*Exercise*.
Leave out the pictures and output the data verbatim.

*Collected material*.
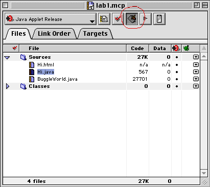 applications and applets, and some other files. All files for a program are joined into a Code Warrior project. Each project has a "master" file, we
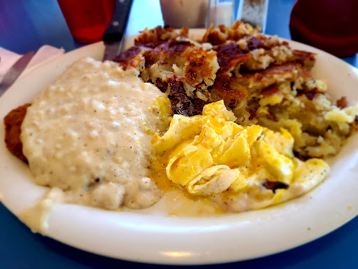 The menu is larger than what you'd expect for a small town airport restaurant. Prices very fair. I had the Bomb Raider skillet which was very large. Service was prompt and they were great about checking up on us throughout the meal (don't know if they have new staff or what- some previous reviews ding them for rudeness but the people we interacted with could not have been more pleasant). My food was very good though the jalapeños (much as I love jalapeños) overpowered the other flavors. Eggs were cooked to my preference and the biscuit-and-gravy side that came with the meal was delicious (I should have just ordered biscuits and gravy for my meal).
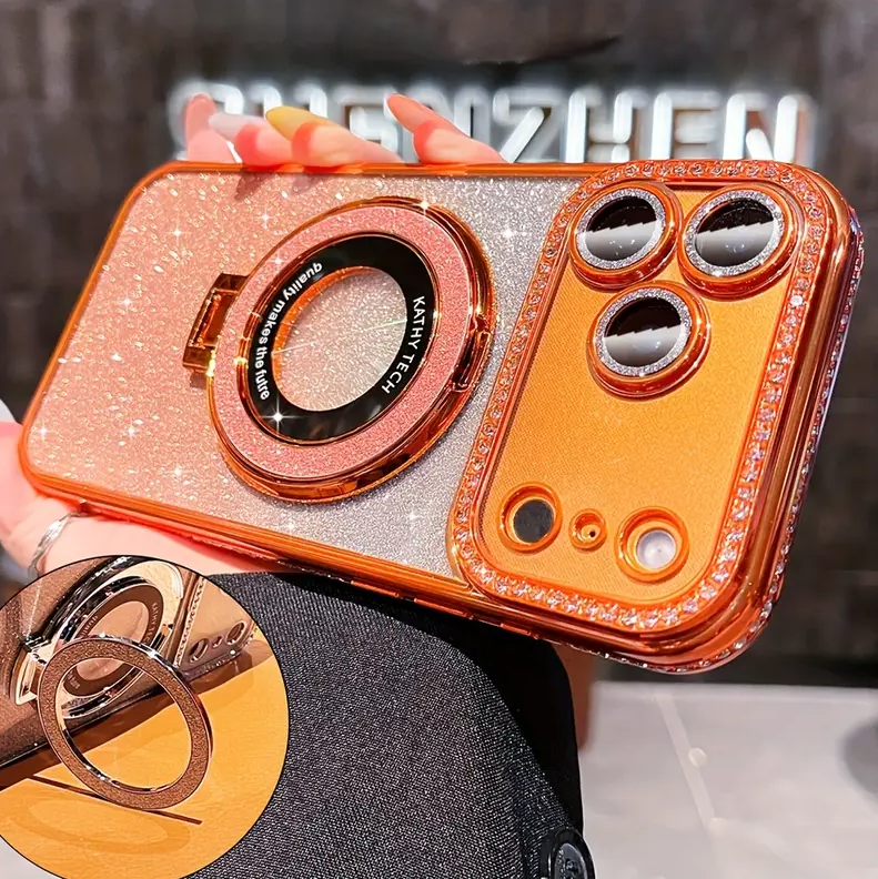 Luxury Bling Glitter Camera Rhinestone Ring Holder Gradient Sequins Plating Phone Case for iPhone

*Task solution*.
 applications and applets, and some other files. All files for a program are joined into a Code Warrior project. Each project has a "master" file, we
 The menu is larger than what you'd expect for a small town airport restaurant. Prices very fair. I had the Bomb Raider skillet which was very large. Service was prompt and they were great about checking up on us throughout the meal (don't know if they have new staff or what- some previous reviews ding them for rudeness but the people we interacted with could not have been more pleasant). My food was very good though the jalapeños (much as I love jalapeños) overpowered the other flavors. Eggs were cooked to my preference and the biscuit-and-gravy side that came with the meal was delicious (I should have just ordered biscuits and gravy for my meal).
 Luxury Bling Glitter Camera Rhinestone Ring Holder Gradient Sequins Plating Phone Case for iPhone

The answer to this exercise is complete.